* PROMPT *
Restate word for word the lines below that run from the one holding "こういうワイドデニムは長めず" through the one holding "ペットプロ トイレに流せるウェットティッシュ 72枚入 4個セット", inclusive. Pictures don't belong in the copy.

* GIVEN DATA *
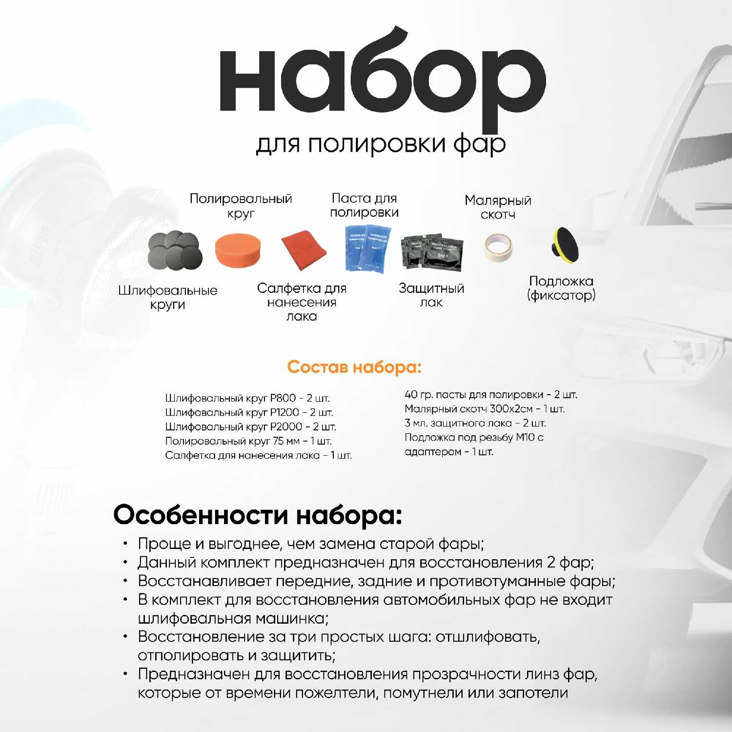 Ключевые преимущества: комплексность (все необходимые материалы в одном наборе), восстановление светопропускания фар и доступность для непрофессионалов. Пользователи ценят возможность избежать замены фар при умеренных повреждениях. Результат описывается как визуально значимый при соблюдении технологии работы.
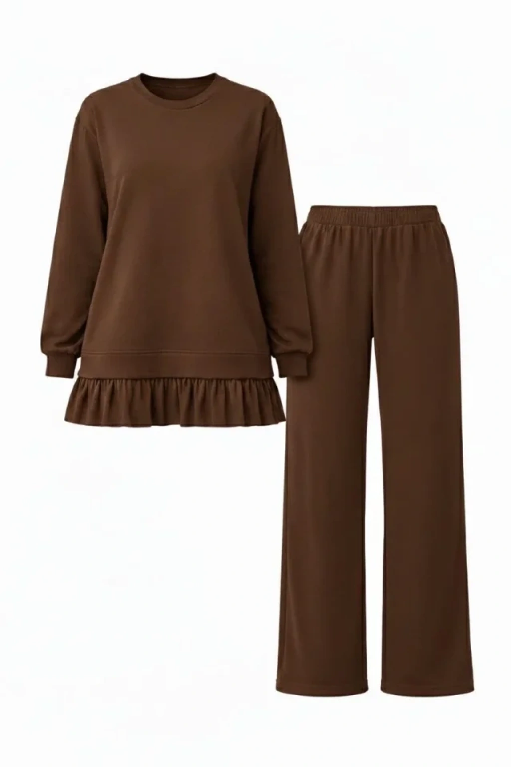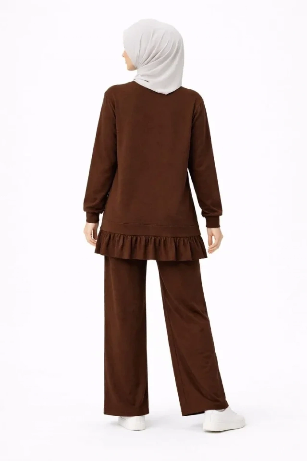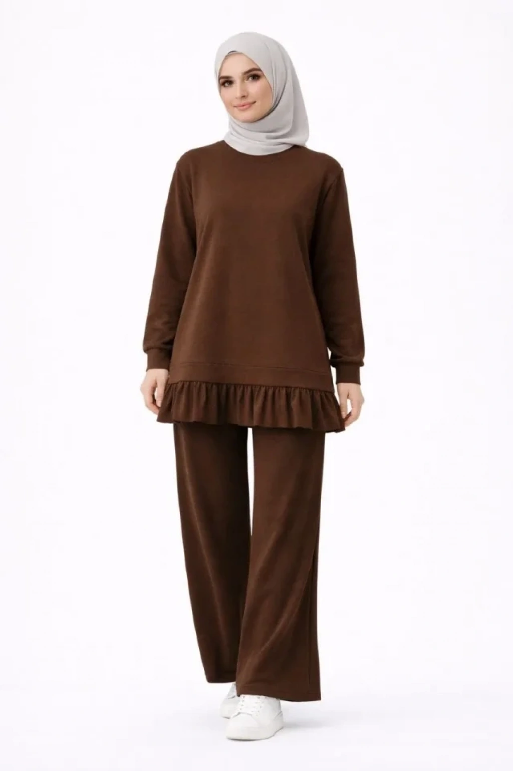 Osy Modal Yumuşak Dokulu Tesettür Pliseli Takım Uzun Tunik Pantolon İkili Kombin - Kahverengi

==

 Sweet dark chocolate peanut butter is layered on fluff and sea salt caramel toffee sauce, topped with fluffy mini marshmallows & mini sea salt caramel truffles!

---

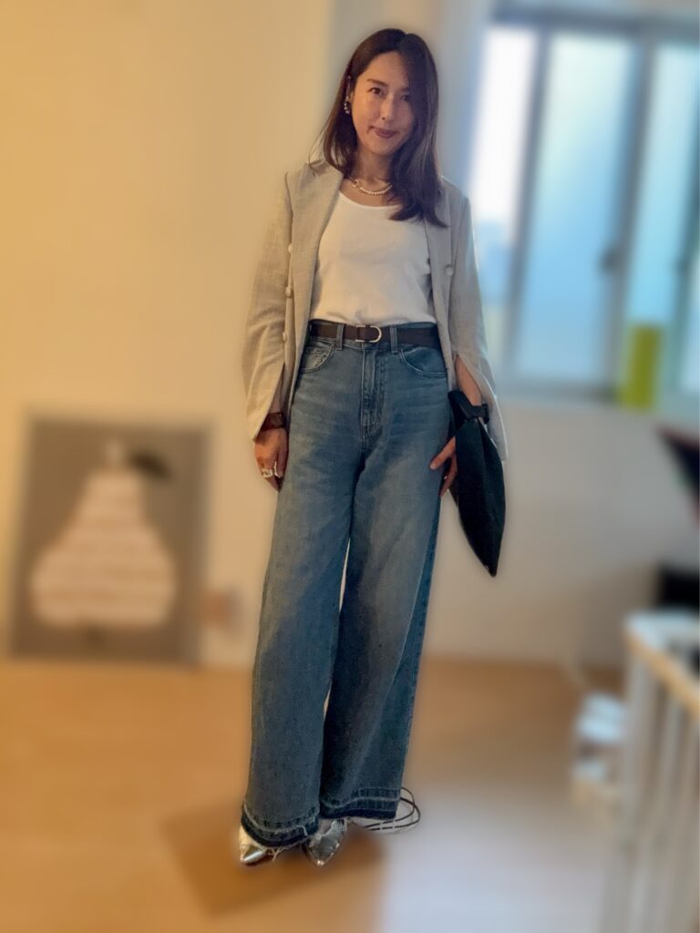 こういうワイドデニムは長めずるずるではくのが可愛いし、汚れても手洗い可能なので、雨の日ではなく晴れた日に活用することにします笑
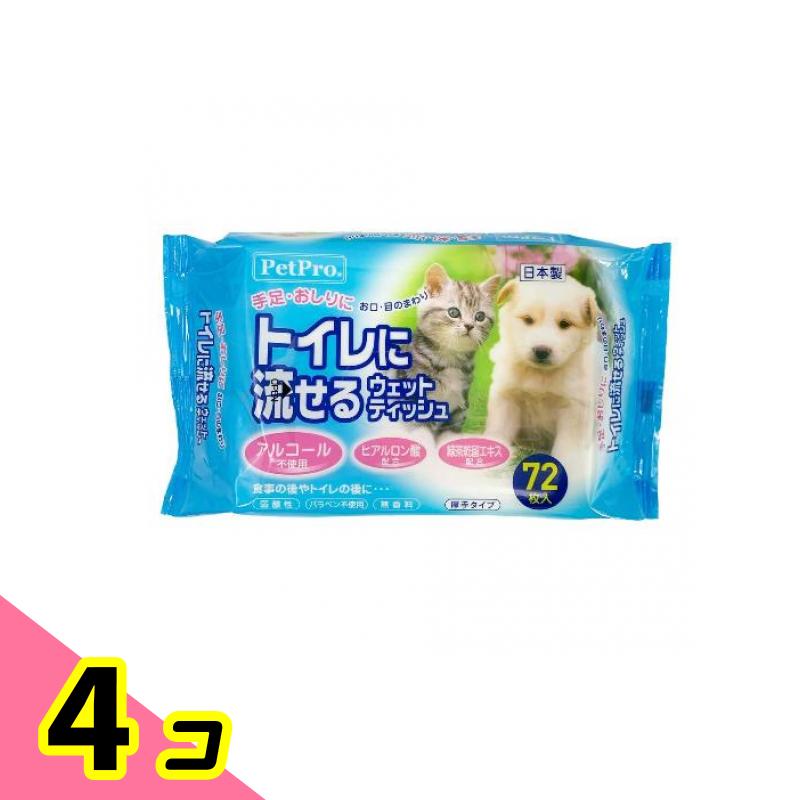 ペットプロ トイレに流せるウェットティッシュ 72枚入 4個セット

* SOLUTION TO THIS EXERCISE *
 こういうワイドデニムは長めずるずるではくのが可愛いし、汚れても手洗い可能なので、雨の日ではなく晴れた日に活用することにします笑
 ペットプロ トイレに流せるウェットティッシュ 72枚入 4個セット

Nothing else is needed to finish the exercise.